In this tutorial, you will build a data pipeline that executes a parameterized SQL query against Google BigQuery and retrieves the results as a structured DataFrame. You will learn how to configure the BigQuery connection, use Flyte's templating engine to inject dynamic values into your SQL, and handle the query output.

Prerequisites

Before starting, ensure you have the following:

  • A Google Cloud Project ID with BigQuery enabled.
  • A BigQuery dataset and table to query.
  • Google Application Credentials configured (usually via a service account JSON file).

Step 1: Configure the BigQuery Connection

The first step is to define where your query will run. You use the BigQueryConfig class to specify your Google Cloud project and, optionally, the geographic location of your data.

from flyteplugins.bigquery import BigQueryConfig

# Configure the connection to your GCP project
bq_config = BigQueryConfig(
ProjectID="your-gcp-project-id",
Location="US" # Optional: defaults to project default
)

The BigQueryConfig object acts as the bridge between Flyte and your Google Cloud environment.

Step 2: Define the BigQuery Task

Next, you define the BigQueryTask. This task takes a SQL template and a set of inputs. You use Flyte's Golang-style templating syntax ({{ .input_name }}) to make your queries dynamic.

from flyteplugins.bigquery import BigQueryTask
from flyte.io import DataFrame

# Define the task with inputs and a templated query
analytics_task = BigQueryTask(
name="user_event_query",
plugin_config=bq_config,
inputs={
"user_id": int,
"limit_count": int
},
output_dataframe_type=DataFrame,
query_template="""
SELECT user_id, event_type, timestamp
FROM `your-project.your_dataset.events`
WHERE user_id = {{ .user_id }}
LIMIT {{ .limit_count }}
"""
)

In this step:

  • inputs: Defines the names and types of variables you can use in your query.
  • query_template: The SQL statement. Note that BigQueryTask automatically normalizes this string by removing extra whitespace and newlines before execution.
  • output_dataframe_type: By setting this to DataFrame, Flyte knows to collect the query results and make them available for downstream tasks.

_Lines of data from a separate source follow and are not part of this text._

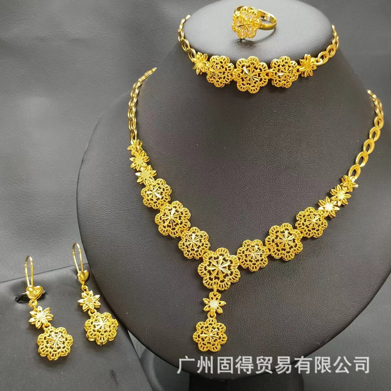 Imitation Gold Flower Necklace Earrings Bracelet Ring Jewelry Set 24k Copper Gold Plated Dubai India Bride Jewelry
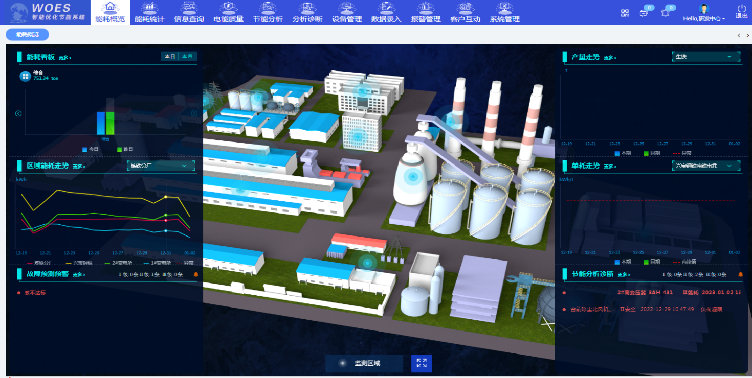 山西省某鋼鐵有限責(zé)任公司W(wǎng)OES智能優(yōu)化節(jié)能系統(tǒng)監(jiān)測能源種類為電力、水、蒸氣、煤氣,監(jiān)測點共計411個,其中電力監(jiān)測點338個、水系統(tǒng)監(jiān)測點44個、蒸汽和煤氣、氮?dú)狻⒀鯕獗O(jiān)測點52個。涵蓋煉鐵廠(石灰窯工段、噴煤工段、球團(tuán)工段、燒結(jié)工段、高爐煉鐵工段)、煉鋼廠、軋鋼廠、制氧廠、發(fā)電廠、煤氣柜。項目主要建設(shè)內(nèi)容如下:
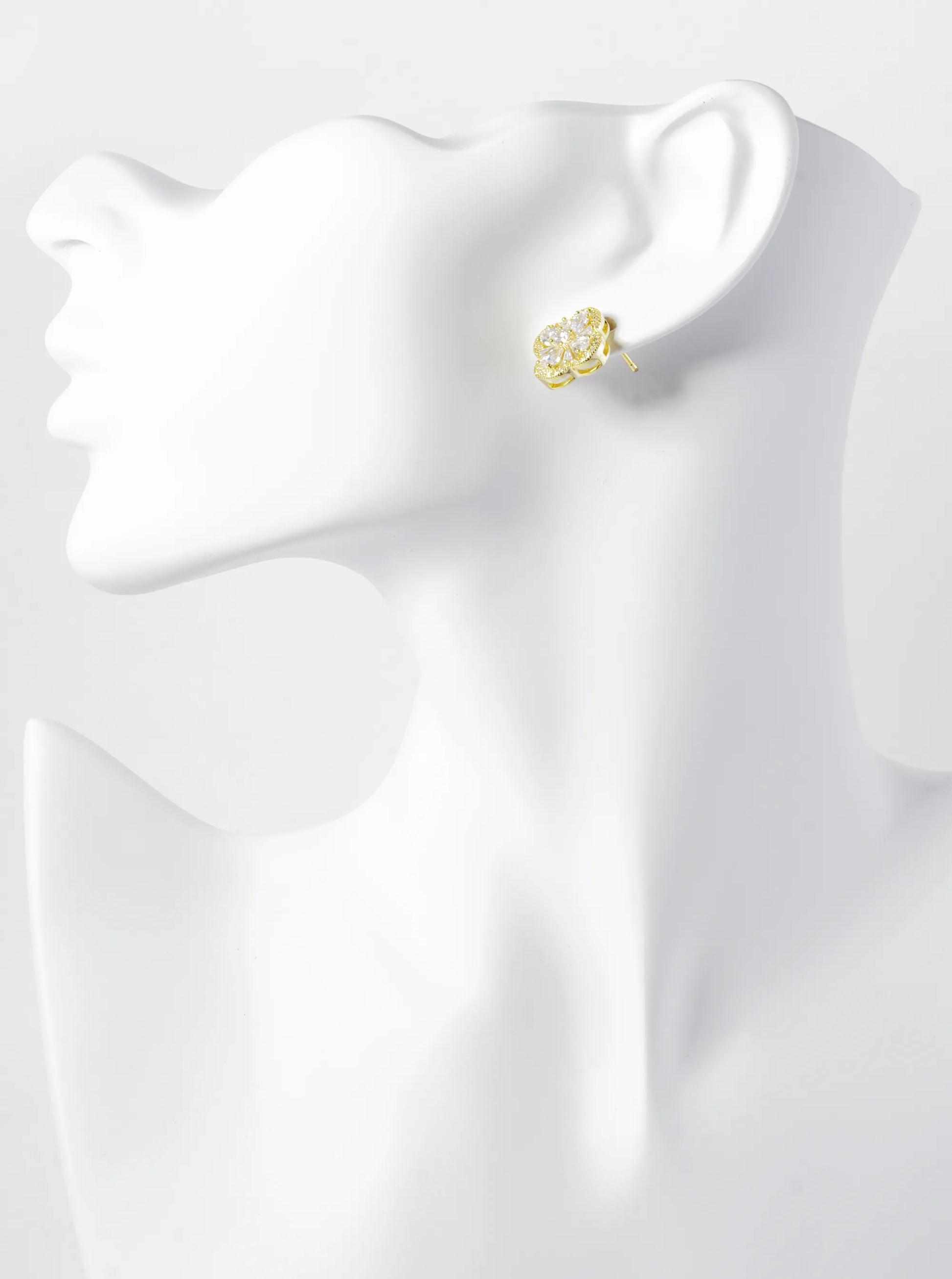 Gold Dipped Pave Baguette Cubic Zirconia 15mm Quatrefoil Stud Earrings
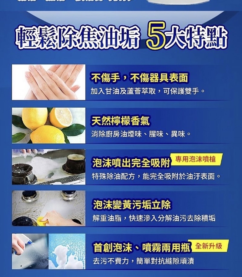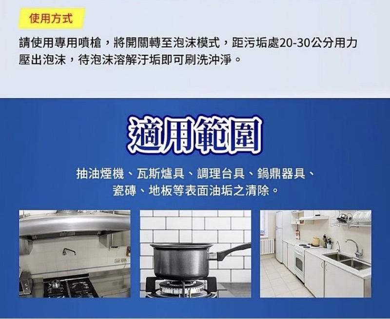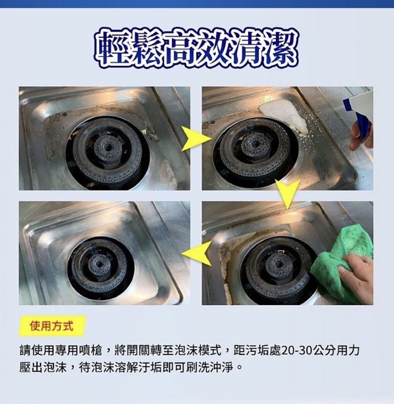 * 有特殊泡沫配方搭配高效網狀噴頭設計,能完全吸附於油汙表面不滑落,效果快又省。
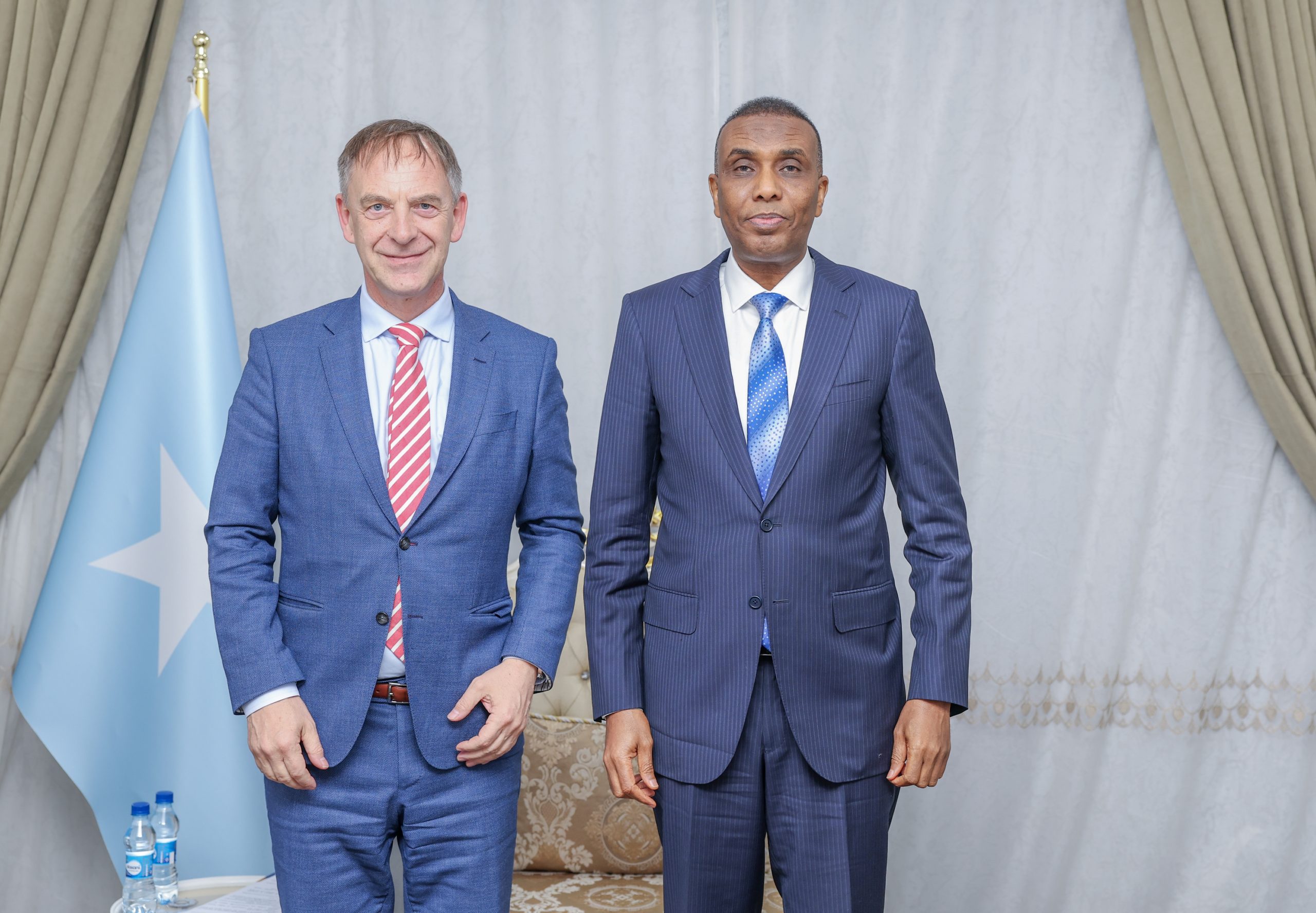 Ra’iisul Wasaaraha Xukuumadda Jamhuuriyadda Federaalka Soomaaliya, Mudane Xamsa Cabdi Barre, ayaa xafiiskiisa ku qaabilay Danjiraha Jamhuuriyadda Jarmalka u fadhiya Soomaaliya, Sebastian Groth.
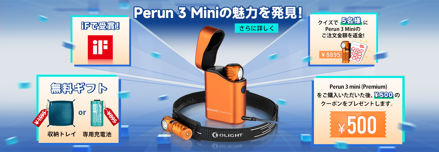 「Perun 3 Mini」単体またはセットをご購入いただくと、次回使える500円OFFクーポンをプレゼント!
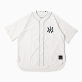 ベースボールをモチーフとしたデザインのアクティビティコレクション。胸のワンポイントマークが特徴的な新型のノーカラーシャツ。
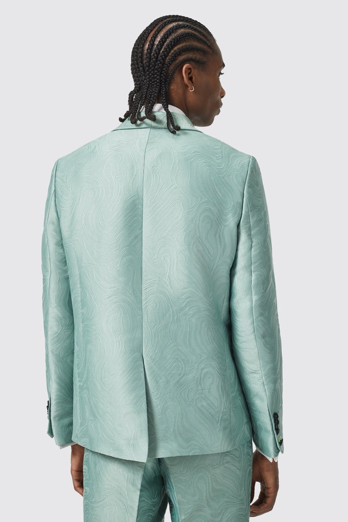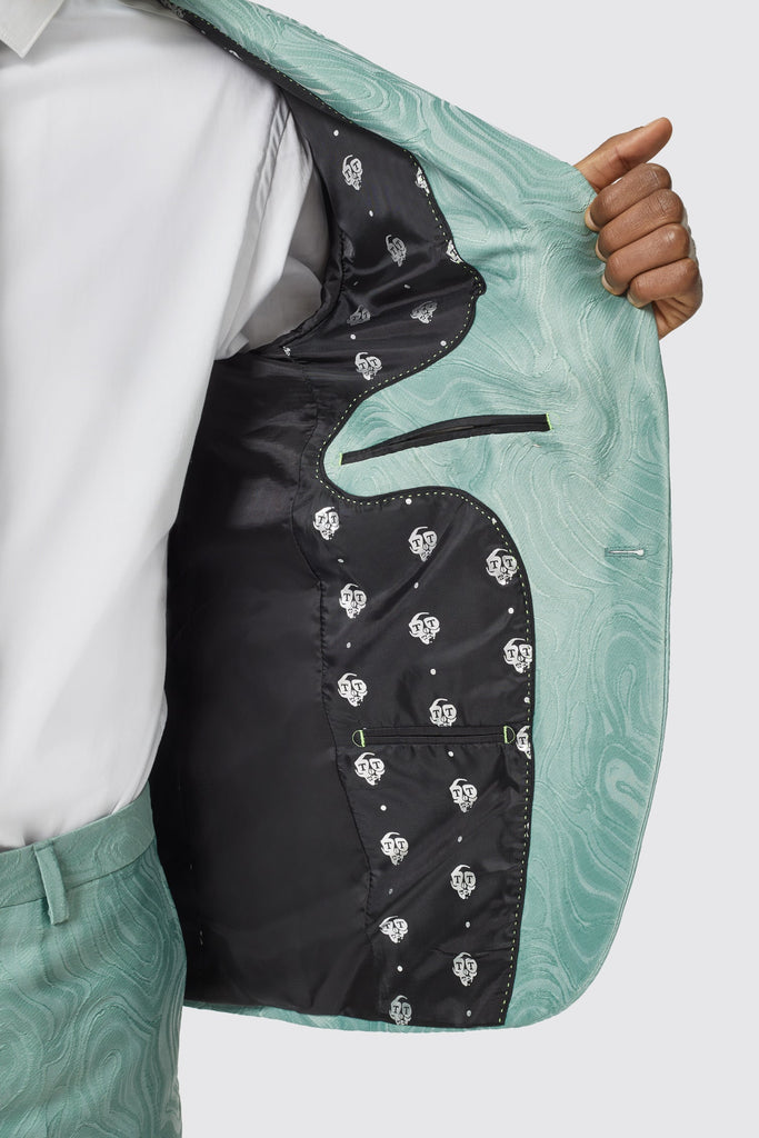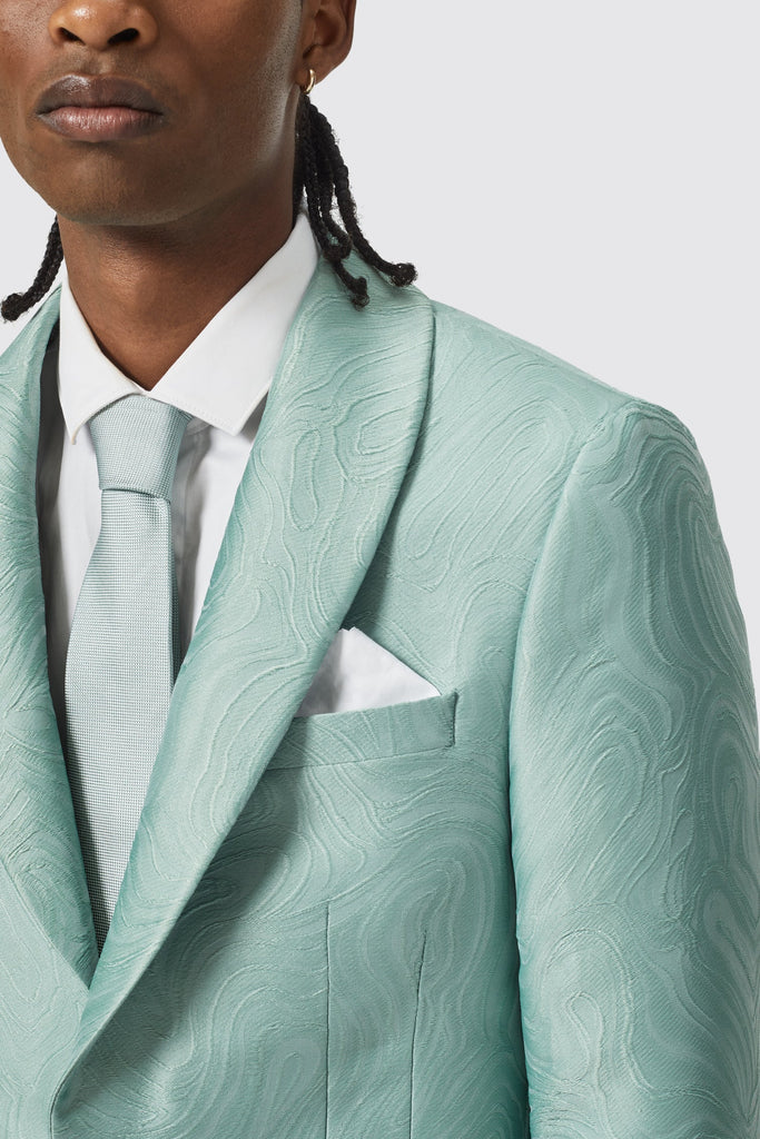 Level up your formalwear in the Gordimer suit from Twisted Tailor. This beautiful sage green suit features an all-over swirl jacquard, perfect for partying in. The jacket is cut with a shawl lapel, jet pockets, double darts & an outer breast welt pocket. The matching slim fit, flat front trousers feature slanted front pockets and belt loops. Wear this 2 piece to your next event with a tonal tie and a fresh white shirt and hit all the right notes.
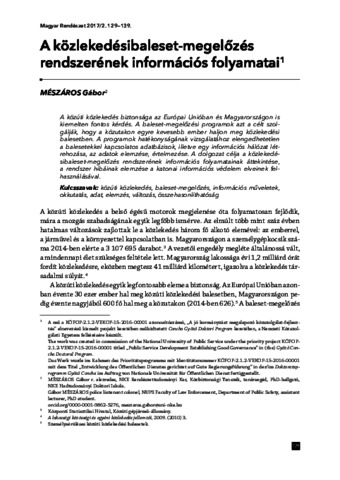 Mészáros, Gábor (2017) A közlekedésibaleset-megelőzés rendszerének információs folyamatai. MAGYAR RENDÉSZET, 17 (2). pp. 129-139. ISSN 1586-2895 (nyomtatott); 1787-050X (elektronikus)
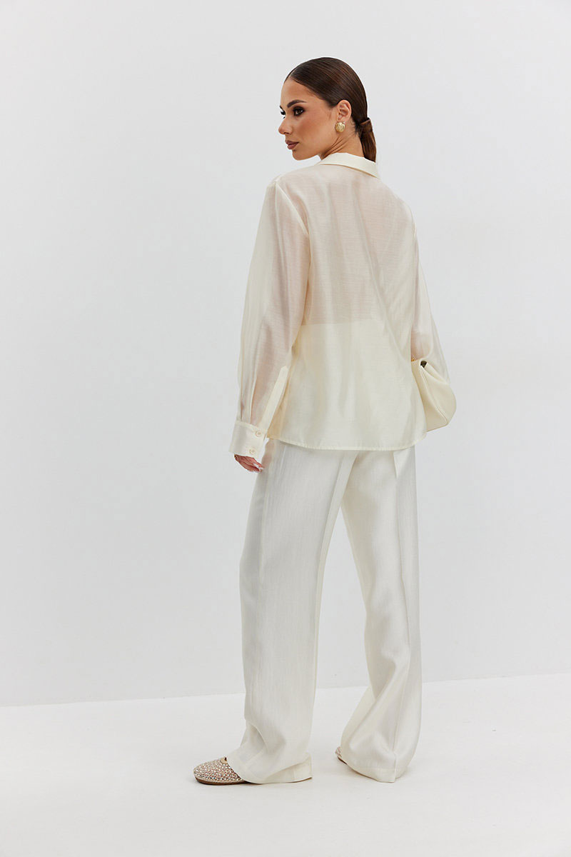 Брюки из костюмно-плательной ткани, прямые со стрелками, полной длины. Средняя посадка, пояс притачной, застежка спереди на молнию и пуговицу. По переду боковые карманы.
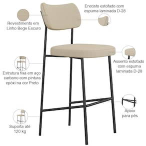 Para você que busca conforto, realce e praticidade, O Kit 04 Banquetas Alta Estofada Elira vai superar todas as suas expectativas! Garante muita comodidade e otimiza o espaço, além de harmonizar com seu estilo decorativo facilmente, podendo ser utilizada em bancadas, cozinha americana, espaço gourmet ou home bar, trazendo um toque especial em sua decoração. Sua proposta de design suavizará seu ambiente sem passar despercebida oferecendo mais leveza e receptividade ao seu lar. Estruturada em aço carbono, contrasta lindamente com o encosto e assento estofados que são extremamente confortáveis, resistentes e aconchegantes. Você merece esta incrível combinação em sua casa, adquira já a sua!
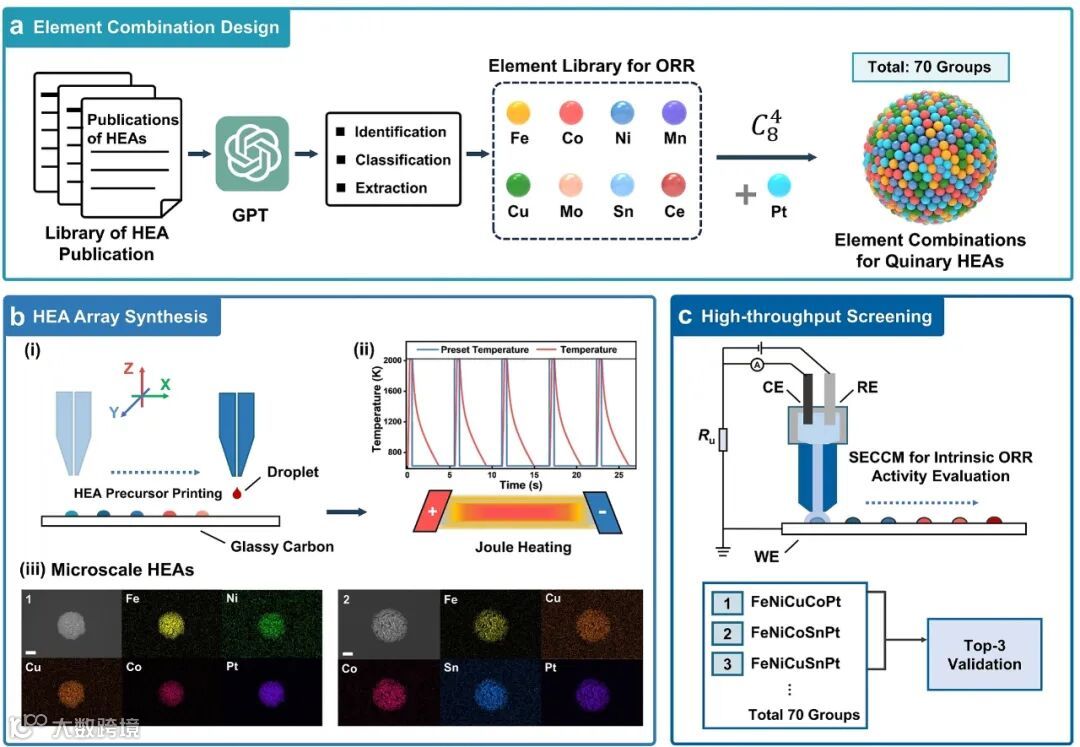 图 1:高通量实验流程:展示基于 Pt 基五元高熵合金的微尺度 ORR 电催化剂发现流程。a 图基于 LLM 设计元素组合,提取协调元素库;b 图通过微尺度前驱体打印和脉冲高温合成技术制备微尺度 HEAs;c 图利用 SECCM 筛选 ORR 活性,测量相对电流密度识别高活性组合。
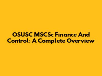 OSUSC MSCSc Finance And Control: A Complete Overview
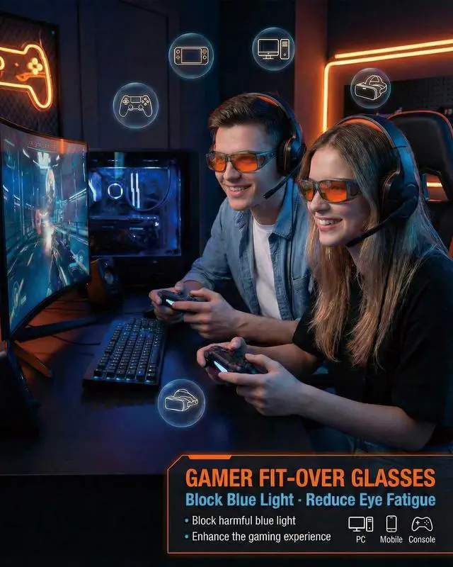 SUPERIOR COVERAGE & MIGRAINE DEFENSE: Engineered for sensitive eyes, OptiCraft fit-over design blocks 99-100% of blue light and filters specific migraine-triggering wavelengths (480-520nm) to significantly minimize tension headaches. Equipped with premium multi-layer coatings, these lenses feature Anti-Glare properties to reduce screen reflections. ^^ ENHANCE FOCUS & ELIMINATE EYE STRAIN: Stay immersed in long gaming sessions with a lightweight frame that fits over prescription glasses and pairs perfectly with headsets; by blocking UV400 and harmful blue light, these OptiCraft glasses prevent dry eyes and visual fatigue, keeping your vision comfortable and protecting your natural sleep cycle from melatonin disruption ^^
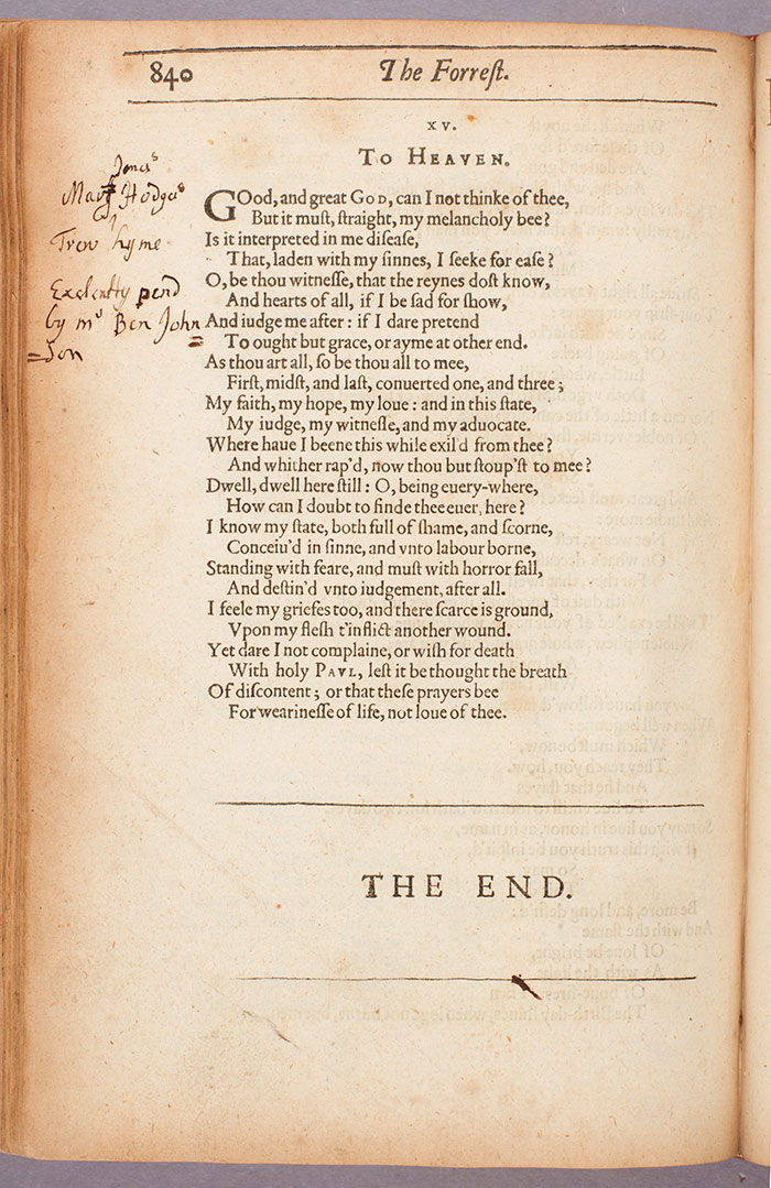 Other notable owners of Jonson’s Works in The Huntington’s collection include the essayist and poet Joseph Addison (1672–1719) and the great Victorian poet Robert Browning (1818–89). Most of the copies show evidence of having had multiple owners and readers. Some copies even record such circulation: one, for example, bears the inscription “S. Ruthin my Book Left me by a freind.” There are early female owners and readers, too, some of whom were not afraid to express their opinions. One Mary Jones Hodge, for example, singled out the poem “To Heaven” for praise as a “trew hyme” (see above).

Step 3: Understand the Task Output

When you specify an output_dataframe_type, the BigQueryTask automatically creates an output named results. If you were to connect this task to another task in a workflow, you would access the data using this specific key.

# Example of how the output is structured internally
# The task interface will have: outputs={'results': DataFrame}

Step 4: Execute the Task Locally

You can test your BigQuery task locally before deploying it to a Flyte cluster. This requires that your local environment has the necessary Google Cloud permissions.

import flyte

if __name__ == "__main__":
# Initialize Flyte configuration
flyte.init_from_config()

# Run the task in local mode
# Pass the inputs defined in the 'inputs' dictionary
execution = flyte.with_runcontext(mode="local").run(
analytics_task,
user_id=12345,
limit_count=10
)

# Access the results
print(f"Execution completed. Results available at: {execution.url}")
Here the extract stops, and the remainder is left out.